→ Data supplied
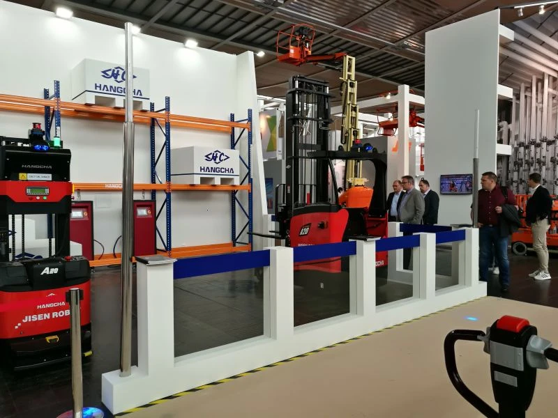 杭叉德国汉诺威物流展与当地知名搭建公司合作,设计元素与公司所需要表达的理念相同,展示了杭叉产品的魅力,令人印象深刻,产生了极好的视觉效果。AGV区与叉车产品区,讨论区和会议室的划分明确,合理的布局使得它进一步具备了优秀的“沟通”能力,聚集了许多行业内外的商家与客户。等离子电视,音响设备的应用更使得现场活动多元化,达到了我们所希望的目的和效果。
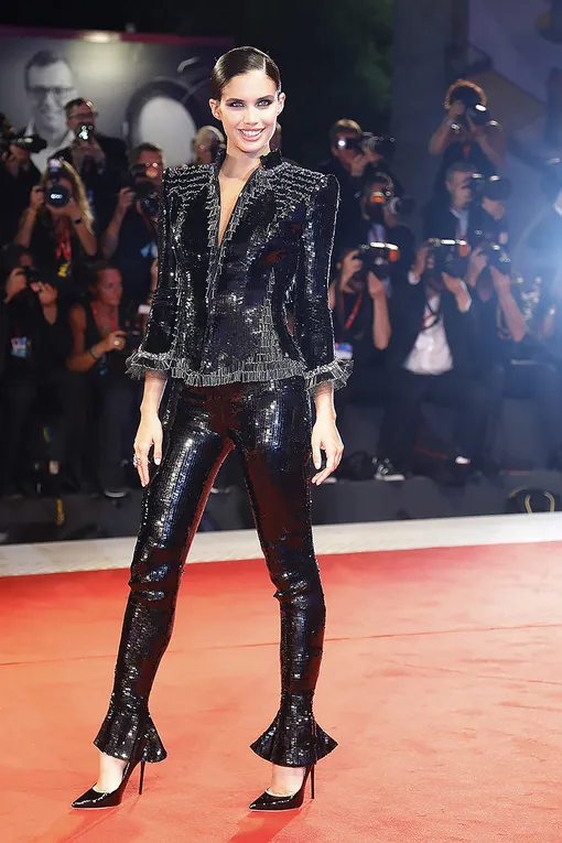 Сара Сампайо продемонстрировала свое видение костюма Женщины-кошки. Только вариант топ-модели явно намного гламурнее. Обтягивающий костюм изобилует пайетками: блеска получилось достаточно, а вот стиля не очень. Если бы «Женщина-кошка» стала мюзиклом, этот наряд стал бы образцом наряда главной героини.
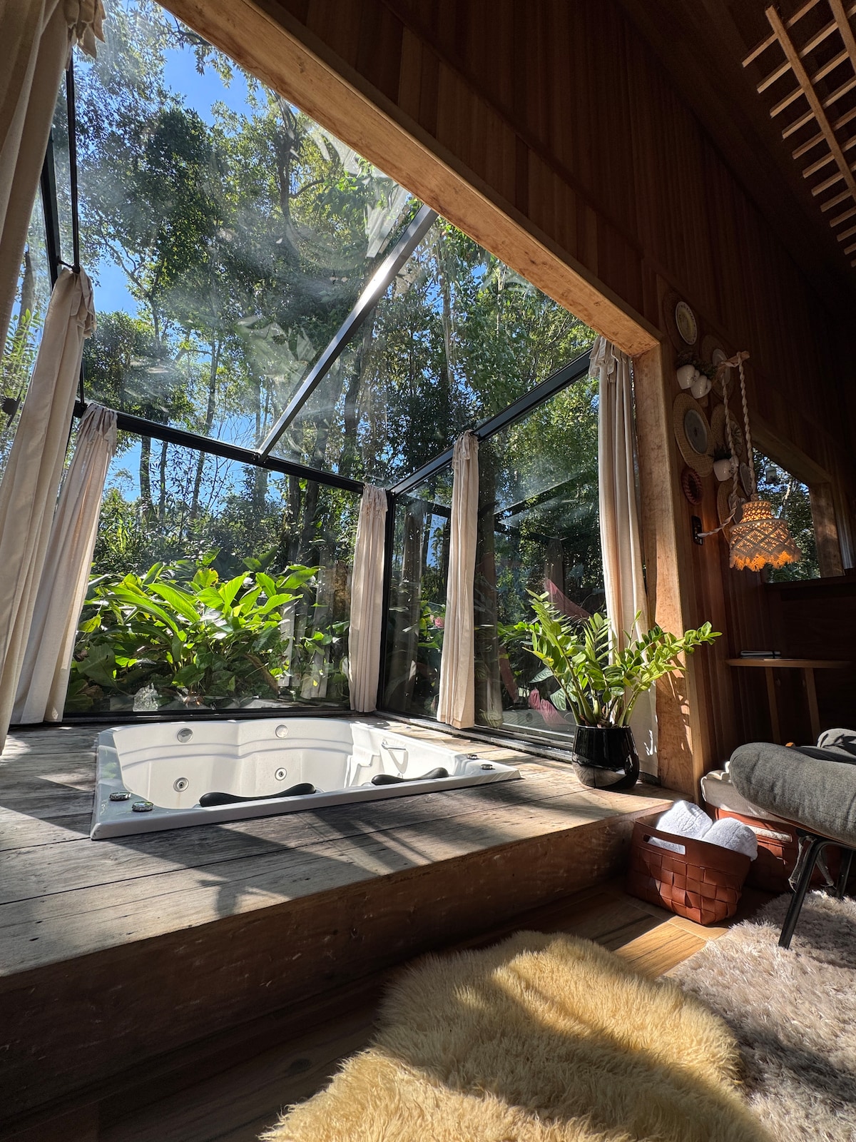 Próximo a SERRA DO RIO DO RASTRO. A cabana tem vista “verde” para todos os lados. A banheira está sob a copa das árvores e totalmente integrada com a natureza, é como estar na mata, porém com o conforto e segurança de estar dentro de casa. O local é bem reservado e silencioso, a não ser pelo cantas dos pássaros. Em dias de chuva o teto de vidro aproxima o contato e a sensação de relaxamento. Possui água quente em todas as torneiras com aquecimento a gás.
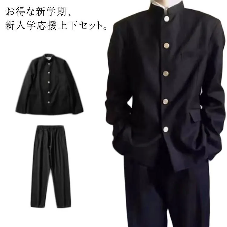 学ラン 上下セット 男子 男子高生 高校生 中学生 ボーイズ 学生服 制服 スクール ジャケット スラックス 上着 ズボン ラウンド襟 詰襟 入学式 卒業式 通学 文化祭 学園祭 コスプレ
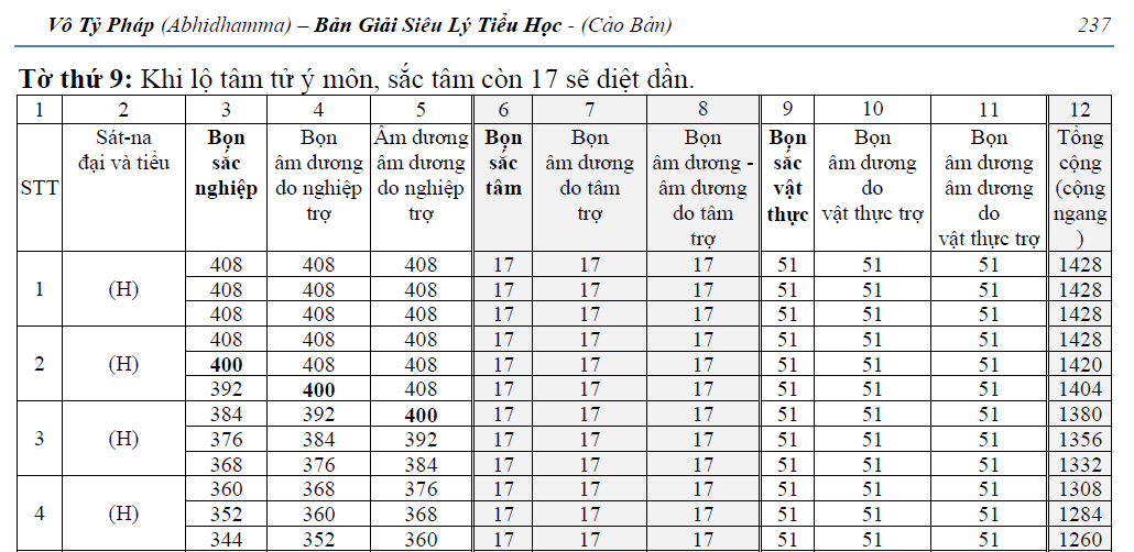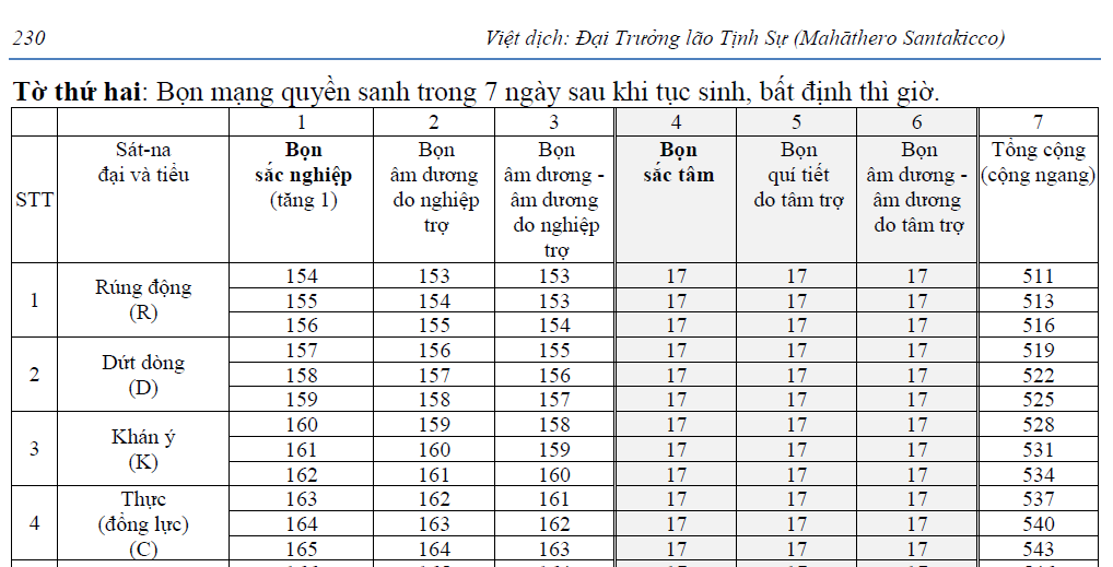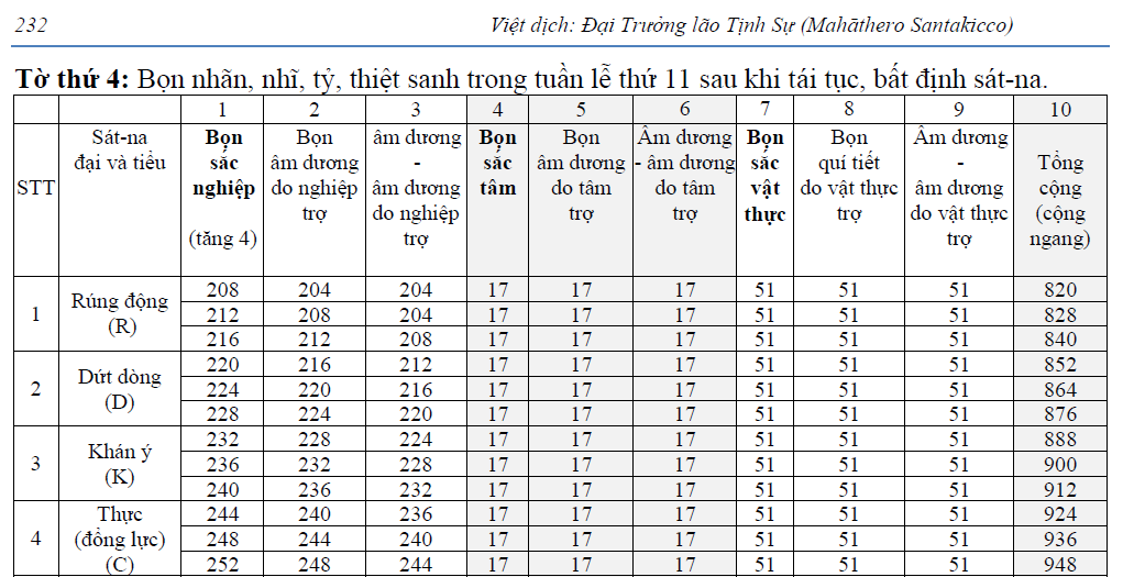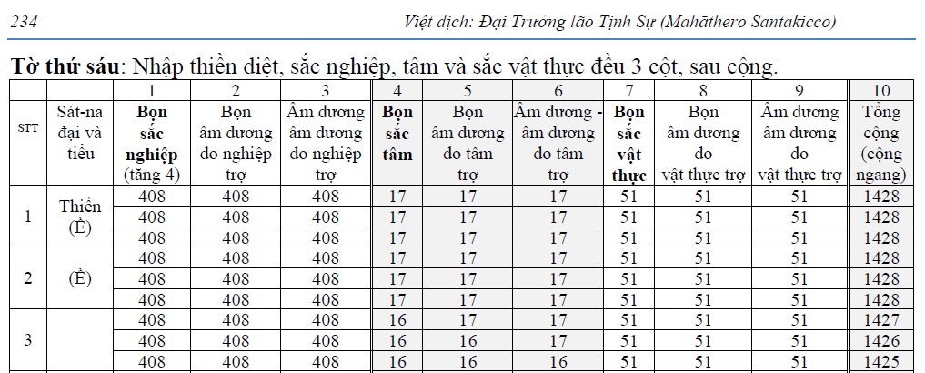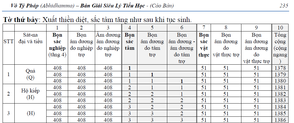 - Tờ thứ bảy nói về xuất thiền diệt tâm sanh lại và sắc tâm tăng đến đủ số.
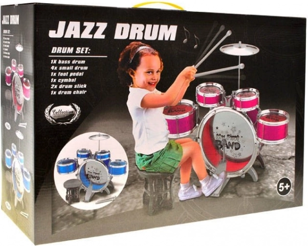 Batería de iniciación para niños con cinco tambores, platillo y pedal, que ofrece horas de diversión musical y desarrollo del ritmo. Incluye un taburete cómodo y baquetas. Un regalo ideal para pequeños músicos que quieren descubrir el mundo de la música y entrenar la coordinación. Apariencia realista, montaje sencillo y diseño resistente de plástico.
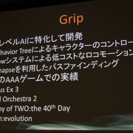 「GRIP」ではそうした高度で生き生きしたキャラクターの知能をノードベース(ビヘイビアーツリー)のスクリプトで実現することができます。アイドスが開発した『DeusEX 3』ではボスキャラクターの行動をGRIPで制御、Tripwire Interactiveの『レッドオーケストラ2』では16台のタンクが相互作用で戦う様子が実現されました。EAモントリオールの『Army of Two 40day』もGRIPを採用しています。
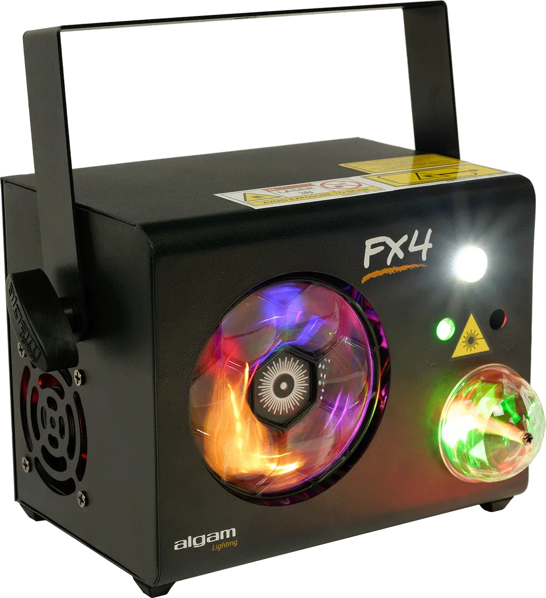 The FX-4 by Algam Lighting is a versatile 4-in-1 light system designed to instantly switch the mood to "Party Mode" in a heartbeat to any event. Despite its compact size and affordability, this all-in-one lighting system packs a punch. features a 6x3W RGB LED gobo wheel that projects various light patterns onto the dancefloor, as well as a 3x3W Magic Ball that diffuses sparkling light effects for a warm and festive ambiance. In addition, the FX-4 includes a multipoint red/green laser that projects multiple beams throughout the room and a stroboscope effect that offers a wide range of dynamic effects. The FX-4 is easy to use, thanks to its automatic mode and music detection mode, which eliminates the need for tedious programming. However, advanced users can take advantage of the 14 DMX channels available to fine-tune the control of this feature-rich combo.

→ About this exercise
Within the entries above, give again exactly the lines starting at the one that contains "Сара Сампайо продемонстрировала" and ending at the one that contains "学ラン 上下セット 男子", leaving out the pictures.

→ Completed task
 Сара Сампайо продемонстрировала свое видение костюма Женщины-кошки. Только вариант топ-модели явно намного гламурнее. Обтягивающий костюм изобилует пайетками: блеска получилось достаточно, а вот стиля не очень. Если бы «Женщина-кошка» стала мюзиклом, этот наряд стал бы образцом наряда главной героини.
 Próximo a SERRA DO RIO DO RASTRO. A cabana tem vista “verde” para todos os lados. A banheira está sob a copa das árvores e totalmente integrada com a natureza, é como estar na mata, porém com o conforto e segurança de estar dentro de casa. O local é bem reservado e silencioso, a não ser pelo cantas dos pássaros. Em dias de chuva o teto de vidro aproxima o contato e a sensação de relaxamento. Possui água quente em todas as torneiras com aquecimento a gás.
 学ラン 上下セット 男子 男子高生 高校生 中学生 ボーイズ 学生服 制服 スクール ジャケット スラックス 上着 ズボン ラウンド襟 詰襟 入学式 卒業式 通学 文化祭 学園祭 コスプレ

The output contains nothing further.